Court Delivers Light Sentences in Indonesian Mob Killings

Posted July 28th, 2011 at 4:50 am (UTC-5)
Leave a comment

A court in Indonesia has handed sentences of less than six months to two men for their roles in an mob attack that killed three members of a minority religious sect.

Human rights groups criticized the sentences, saying they were far too lenient to discourage future violence by religious extremists.

The court Thursday gave a three-month sentence for manslaughter to Dani bin Misra, a 17-year-old who was seen in a widely distributed video striking a man in the head with a large stone as he lay on the ground. Idris bin Mahdani, who led about 1,000 people in the mob attack, received five and a half months for illegal possession of a machete.

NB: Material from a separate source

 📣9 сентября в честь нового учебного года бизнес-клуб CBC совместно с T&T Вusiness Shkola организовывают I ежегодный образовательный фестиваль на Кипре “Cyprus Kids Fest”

The attack in early February targeted members of the Ahmadiyah Islamic sect, which is despised by hard-line Muslims because its members believe Mohamad was not the last prophet.

Three sect members were killed and at least eight were injured in the assault, in which the mob surrounded a house and attacked its 21 occupants with planks and machetes. A video of the attack was circulated on the Internet, showing about 30 policemen retreating ahead of the crowd.

Local reports said the sect members had been guarding the house after its owner was detained by police on suspicion he had been proselytizing.

President Susilo Bambang Yudhoyono later pledged there would be a full investigation.